The Field & Stream Outdoor Life Deer and Turkey Expo (above) is one of 14 outdoor shows this winter in Michigan. Courtesy photo.

By Howard Meyerson

The start of a New Year is always fun in Michigan. The weather may be unpredictable, but the winter outdoor show season goes on regardless. With 14 shows scheduled around the state between now and mid-March, outdoor enthusiasts have their pick of venues.
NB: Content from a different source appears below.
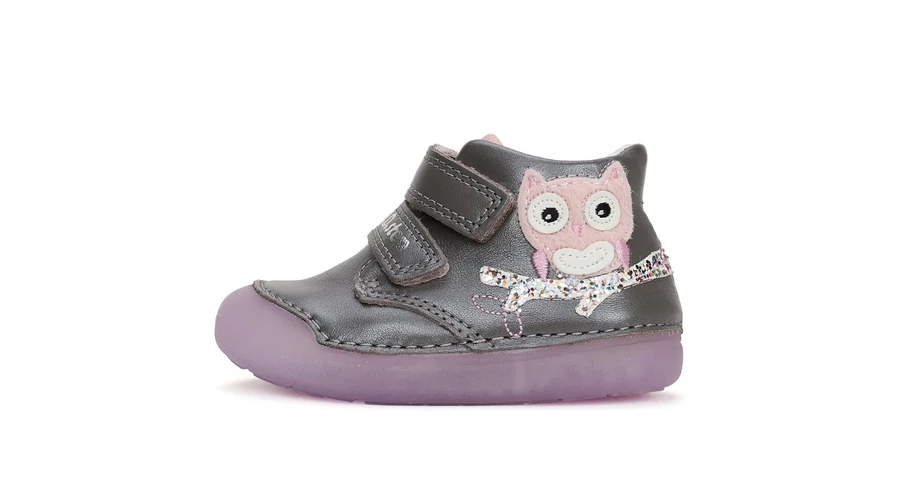 D.D. Step, bagoly mintás, sötétben fluoreszkáló átmeneti cipő kislányoknak. Orra gumival védett, ezáltal megvédi a cipőt a kopástól. Minőségi, valódi bőrből készült, két tépőzáras így könnyen lábfejre igazítható. Talpa könnyű és rugalmas, szára közepesen magas így ideális választás az őszi időszakra. Kiszállítás 1-2 munkanap. A méret kiválasztása után látható a cipő belső talphossza!

There are shows for hard-core hunters and anglers, boaters, archers, paddlers and fly tiers.

“We are very focused on deer hunting,” said Jake Steingraeber, executive director for Field & Stream Outdoor Life Michigan Deer and Turkey Expo, which returns this year to the Lansing Center, February 19-21. “I am really very excited about the line-up of seminars which focus on hard-core enthusiasts.”

You may recall the show, now 30 years old, was formerly the Michigan Deer and Turkey Spectacular. It was acquired by Bonnier Corporation in 2011, the publisher for Field and Stream and Outdoor Life magazines.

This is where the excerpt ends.